I was doing a marathon of Grey's Anatomy, and I had to stop to go out for a bit to order some take-out.  I never got a chance to pick up where I left off.  My sister and her boyfriend had to arrive and monopolize the tube.  Polite as I am (or maybe just too chicken to demand for the resumption of my marathon), I'm now in front of the PC, albeit unwilling, trying to diffuse the fumes of my uncalled-for anger, or else drowning it out with the music plugged in my ears.

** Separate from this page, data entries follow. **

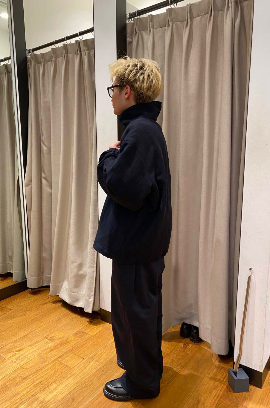 ネイビーのセットアップ風ですが、ブルゾンにストライプがついてる為、オシャレな印象に✨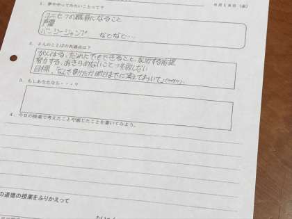 道徳では、努力を続けることについて考えました。右半身不随になった高校生が、大好きなバスケットボールを諦めず、仲間と共に公式戦を目指すと言う内容でした。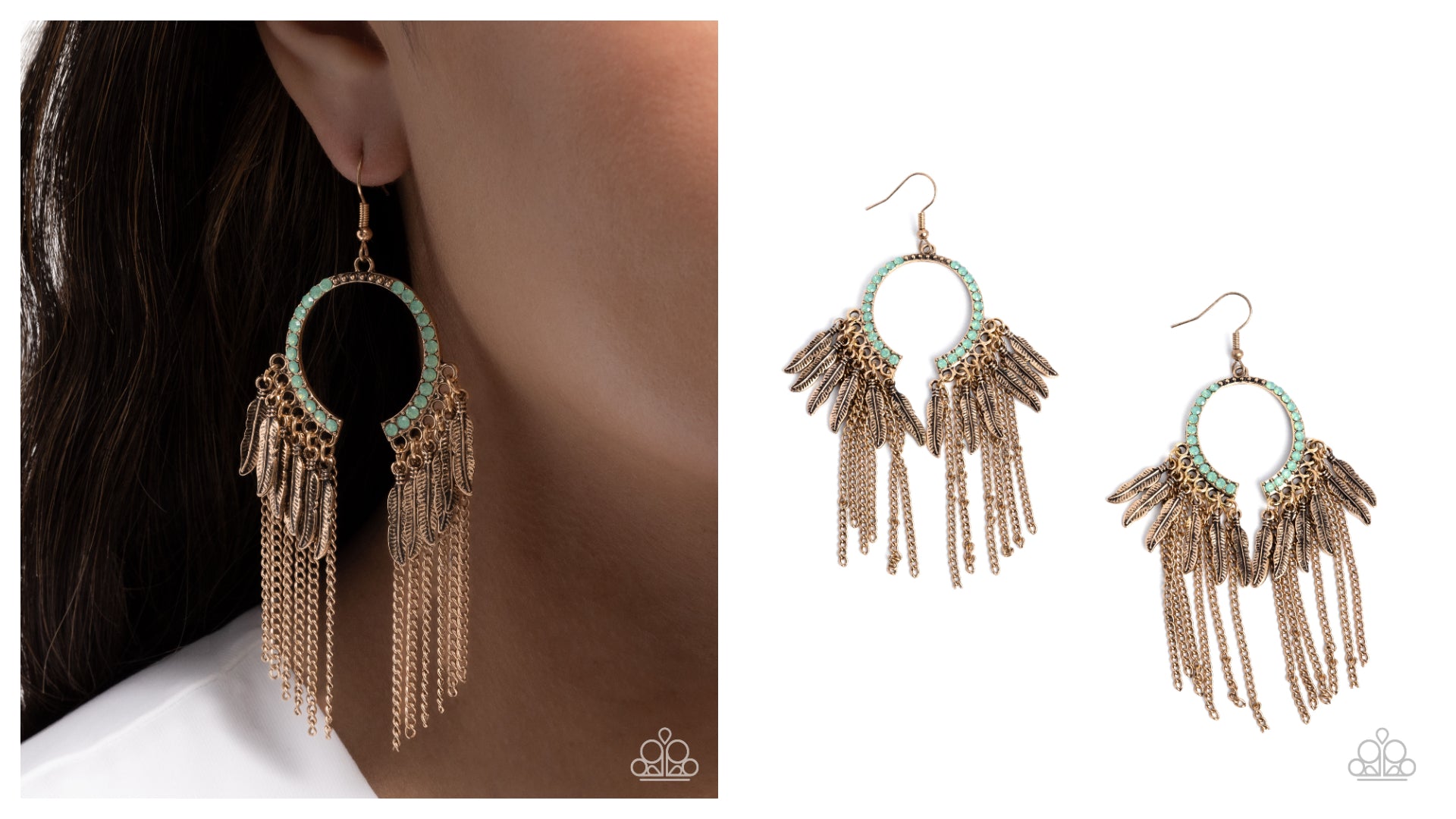 An open-ended circle features a ring of opal-like green rhinestones and antiqued gold studs as it sways from the ear. A cascade of textured gold feather charms and glistening chain fringe fans out below, creating a dynamic and eye-catching look. Earring attaches to a standard fishhook fitting.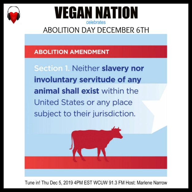 Vegan Nation celebrates Abolition Day (Dec. 6th) & the Abolition Amendment (proposed amendment to US Constitution). Hosted by: Marlene Narrow, Worcester, Massachusetts, USA. Tune in! December 5, 2019. The 2019 show was a rebroadcast of the 2018 shows (Part 1 & Part 2) linked above. Archives: vegansradio.wordpress.com. Thank you for caring enough to hear and be heard.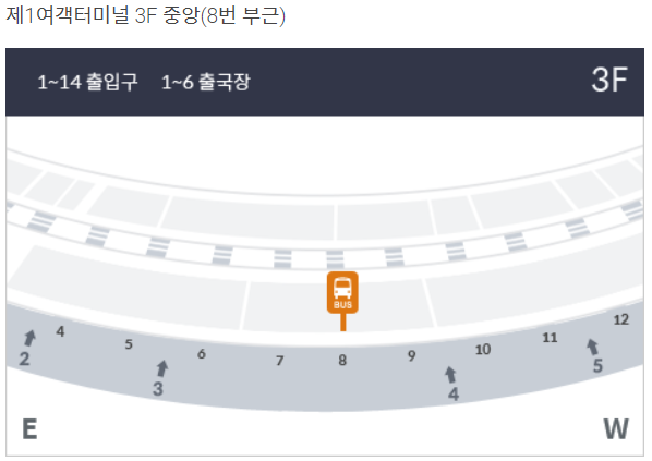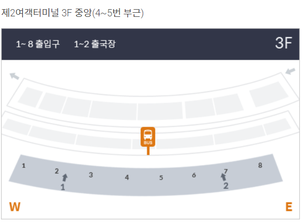 제2여객터미널 3층 5번 게이트 앞 승차장에서 탑승

I'm unsociable.  I've noticed that long before.  I have an apprehension to share who I am with other people.  I can't think of anything that could be wrong about opening yourself up to others, but that's just my social behavior.  Is that bad?  I mean, I can make friends, get to know others if I want to - "if" being the operative word.  Even change, the most inevitable thing in the world, disturbs me - sometimes.  'Cause on those other times, it's what I long for in my life.  If I can't have my ideal happy ending, there better be a lot of variations, escape routes from ugly/uncomfortable situations, exits to freer positions in life or to better points of view or points to view from.  I'm becoming vague here, but I can't really spell out what I'm talking about.  Not at this point in time, anyway.  Maybe later.  Watch out for that.
Meanwhile, I now feel a bit better.  Good.